Last up is the specialist who could be a surgeon, a pulmonologist, a cardiographer, a hematologist, or any number of other specific labs in a medical setting. These characters might be arrogant and really full of their specialty, genius and truly gifted, or old and with plenty of experience. They get two specialties and also an ability called focused which gives them a +2 push instead of +1 push for their specialties. In addition, the specialist gets to choose another bonus move to be top in their field with a high Reputation, really smart with a higher Brains, a truly dangerous or nasty vice to blow off steam extra well, or see through feign competence from others.

After each playbook is filled out, there are question prompts to build Connection with the other PCs. You choose any number from your playbook’s list and they give starting situations to kick off the drama such as another character already having it in for the intern or having the resident know that another character hasn’t felt well lately.

Image © Magpie Games

The MC’s Options

As the MC of The Ward, you’re going to be watching all of these characters work themselves into the ground and then heaping even more on them. It’s honestly really fun. There’s lots of advice on how to leverage addictions and Connections for players, what conditions to give as their Stress increases, and how to play out the medical, social, and personal “theaters” that the game involves. Each session can revolve around a list of principles that describe the common tropes of medical dramas and some framework advice for turning those into plots and ongoing stories.

You also have “moves” although they are not as detailed as the players’ moves.

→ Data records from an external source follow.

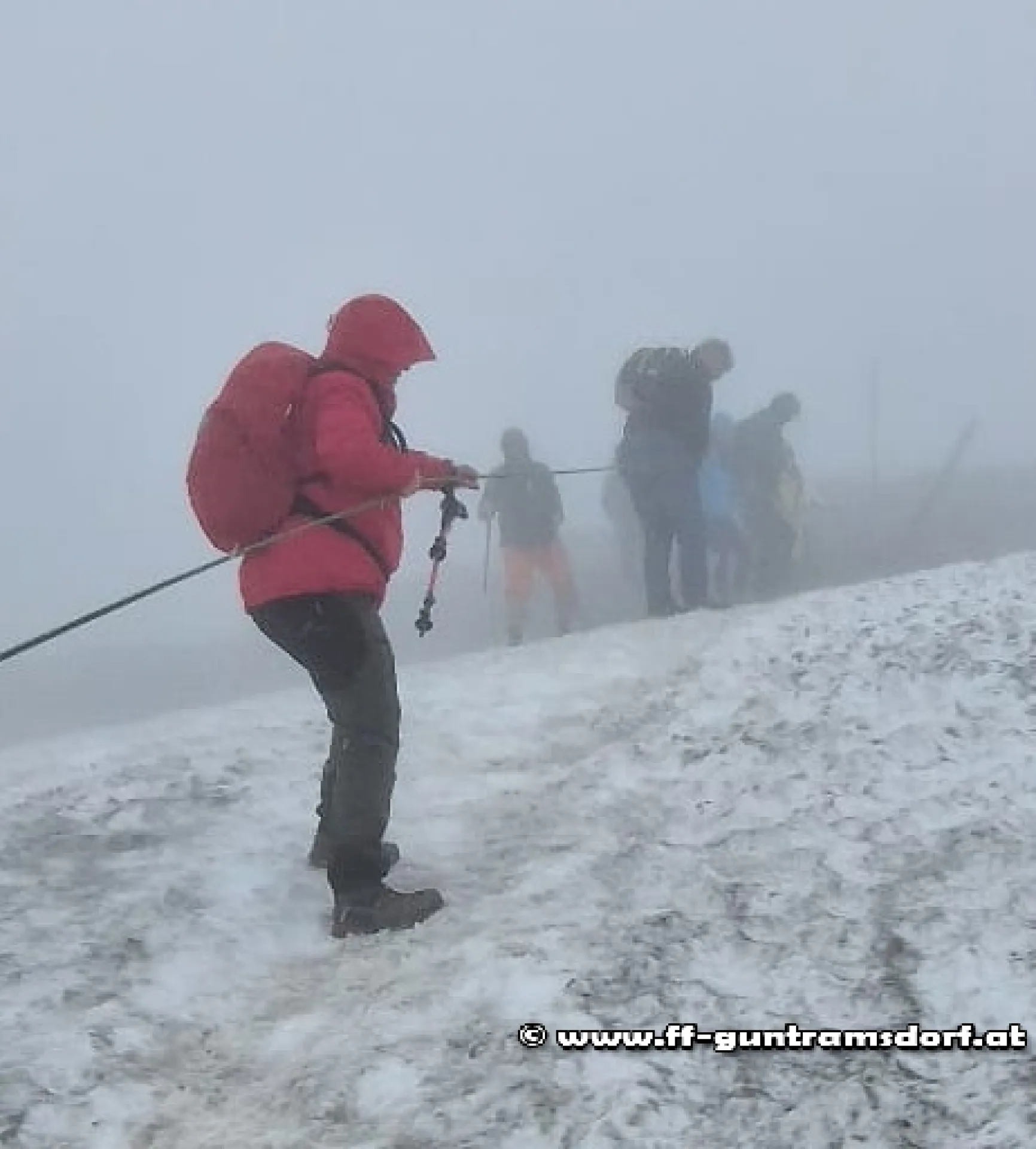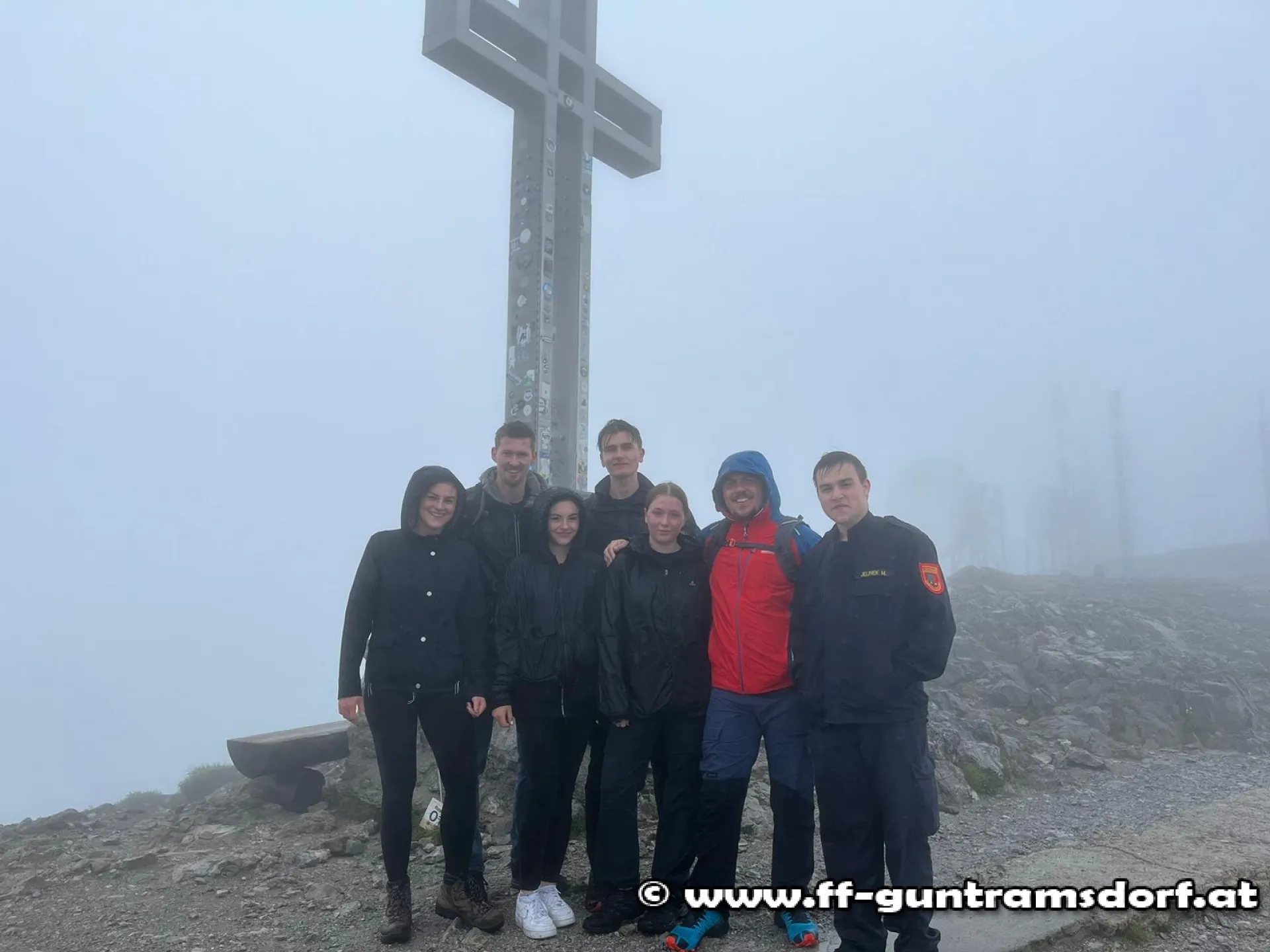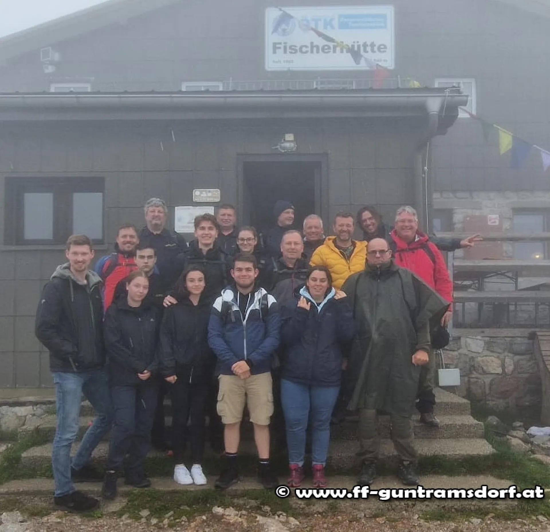Der Samstag stand dann im Zeichen einer Schneebergbesteigung. Nach Auffahrt mit dem „Salamanderzug“ ging es für eine Gruppe über das Damböckhaus zur Fischerhütte. Die etwas jüngere Gruppe erreichte die Fischerhütte über den Waxriegel und das Klosterwappen, wobei das letzte Stück vor der Fischerhütte bei Nebel und Nieselregen einem hochalpinen Unternehmen glich (siehe Fotos). Auch der „heimatkundliche Bildungsauftrag“ wurde erfüllt, war es doch für einige das erste Mal, dass sie auf dem höchsten Berg Niederösterreichs standen!
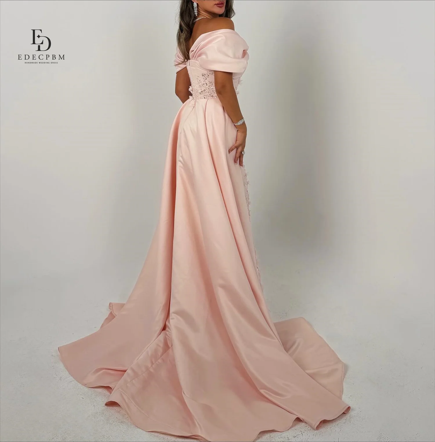 EDECPBM Elegant Party Dresses 2025 Off the Shoulders Customized Women Evening Dress 3D Flowers Pink Wedding Dresses for Parties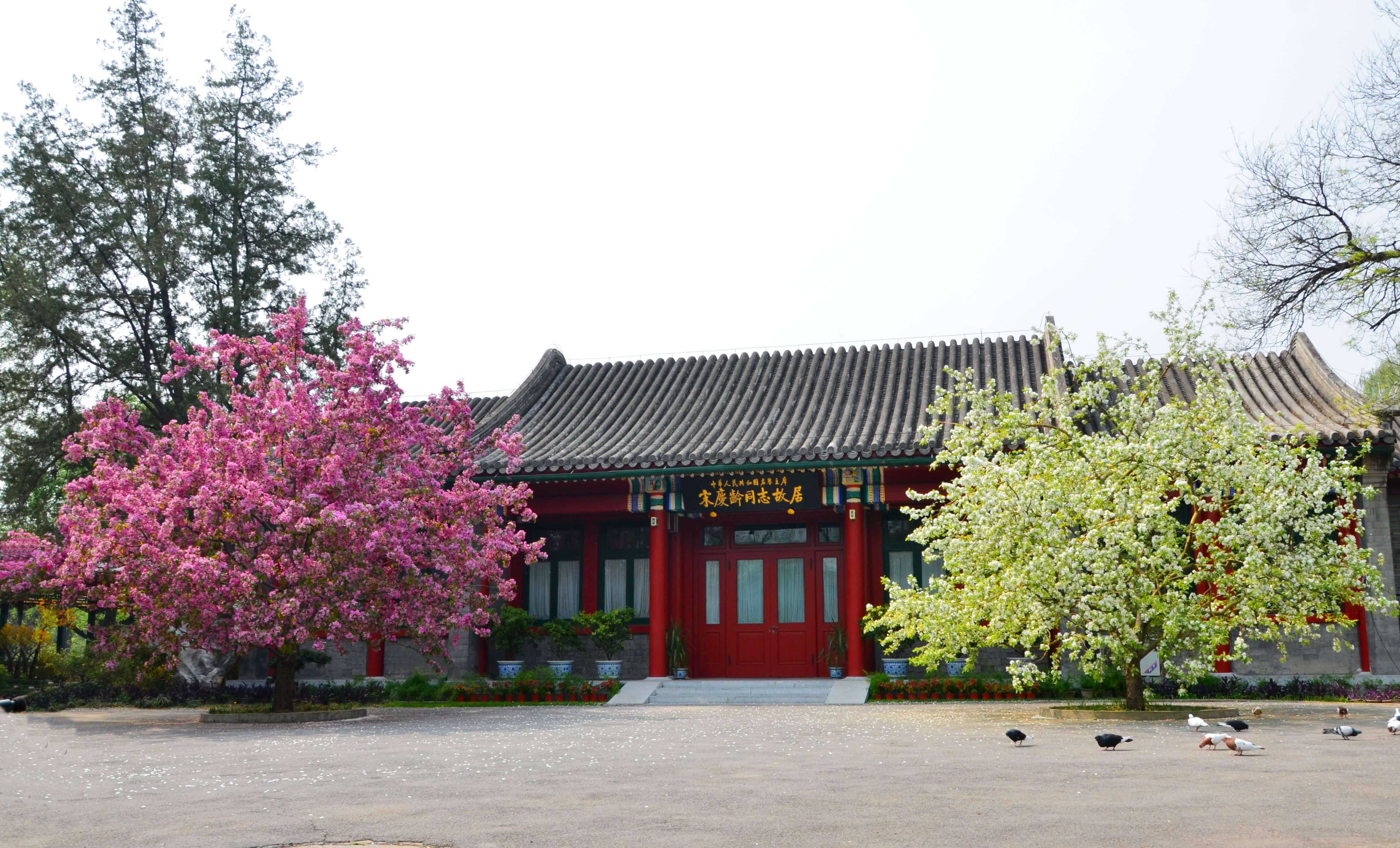 宋庆龄同志故居坐落在北京风景秀丽的什刹海后海北沿。门前水天相映、碧波涟漪,堤岸杨柳轻扬,院内曲径回廊,楼堂亭榭;湖水环绕,山石嶙峋;绿树浓荫,花香四溢。是一处雍容典雅、幽静别致的庭园。故居占地面积两万多平方米,建筑面积约五千平方米。原是中国末代皇帝爱新觉罗·溥仪的父亲醇亲王载沣的府邸花园,也称西花园。
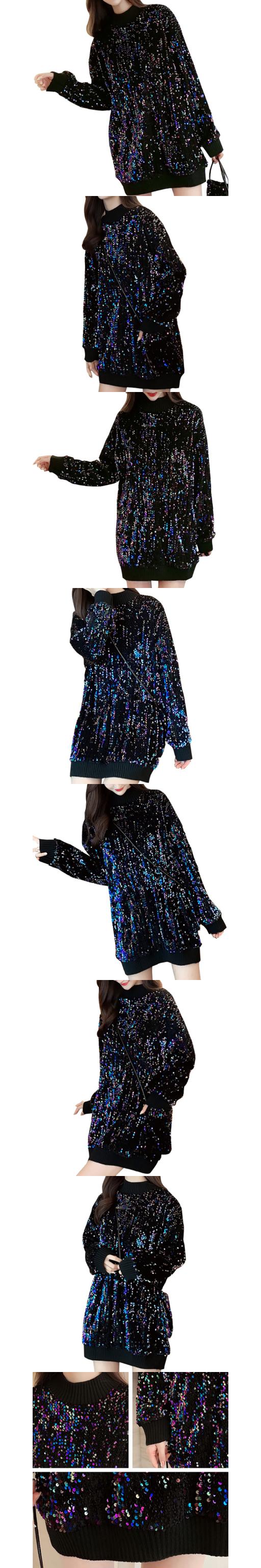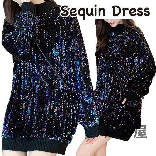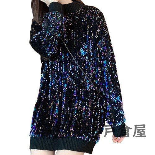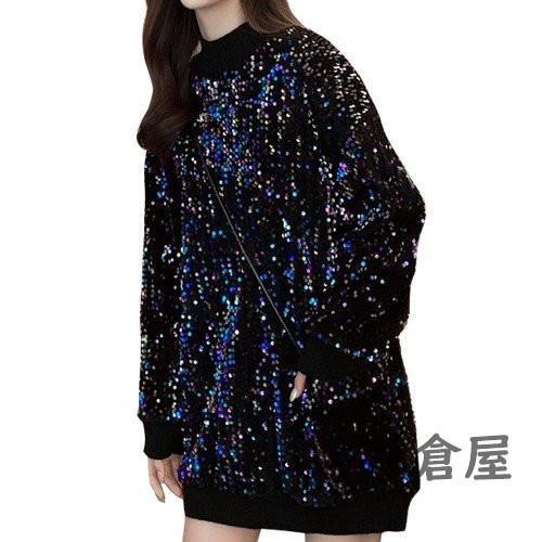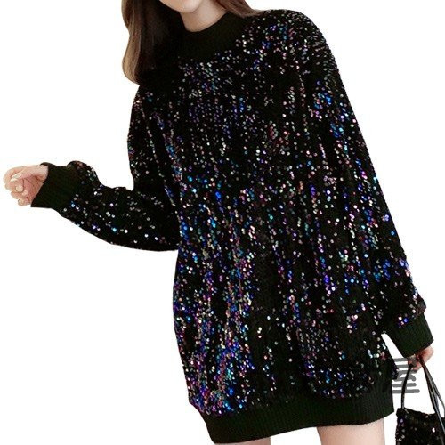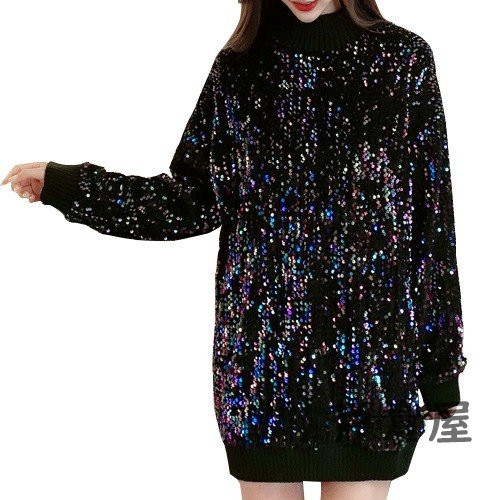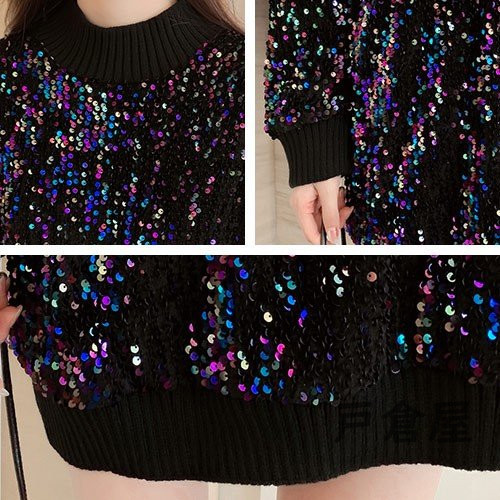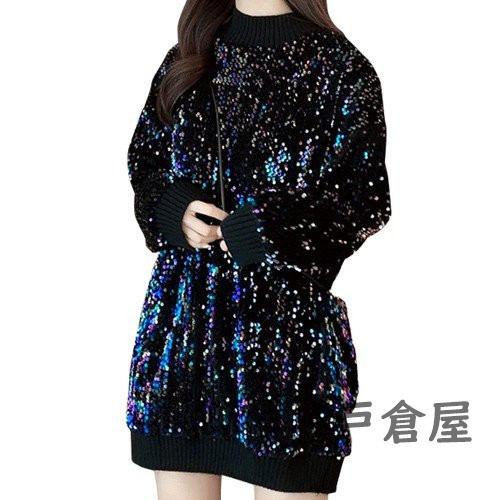 セーター トップス 長袖 チュニック ニット もこもこ レディース ラメ スパンコール きれいめ 男ウケ ブラック
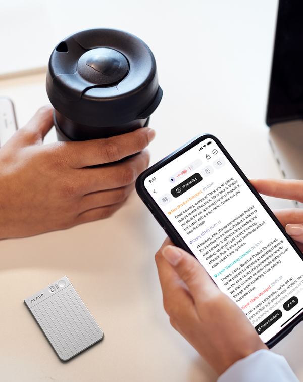 Ne luttez plus jamais pour vous rappeler un détail crucial. PLAUD NOTE enregistre et transcrit les appels instantanément, vous laissant libre de vous engager pleinement dans la conversation.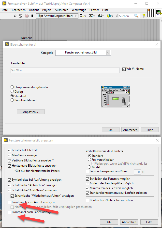 in der Einstellung des SubVI ist die Anzeige des Frontpanel ausgeschaltet.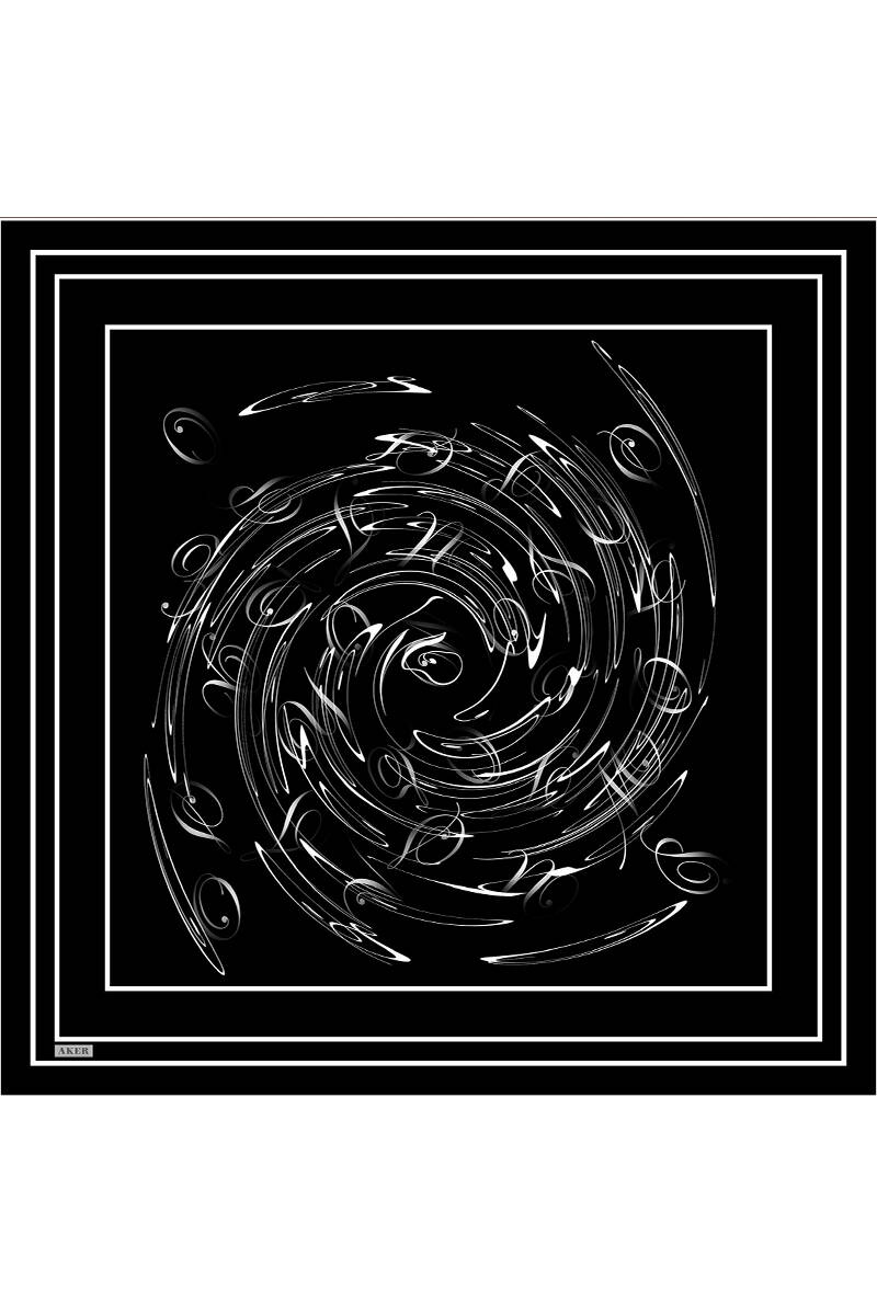 Siyah Fırça Desenli İpek Krep Saten Eşarp

Honestly, this is the only part of the game where the “ashcan” status really hit me since the MC moves are just bullet points in a list. Most have a lot of drama inherent in them (“put a life in the balance,” “reveal immediate or dire complications,” and “turn their move back on them” to name a few) but others (like “change theaters” or “offer an opportunity, with or without a cost”) that are a little less clear. This is still totally workable, especially since you most often make these after a failed move by a player so it’s clear what the trigger is, but I’m most interested to see this section developed eventually.

Image © Magpie Games

Conclusion

This is a slim and fast product with a lot of game crammed into these 49 pages. If you like medical dramas then The Ward gives you some excellent tools for bringing those stories to your gaming table, and even if you don’t like medical dramas then the tools here will let you take the big swings that the genre boasts and lets you make them your own. I’m very interested to see this develop into a full game and if you’re looking for a way to kill time with friends rather than spend time with your family this week then consider checking out The Ward.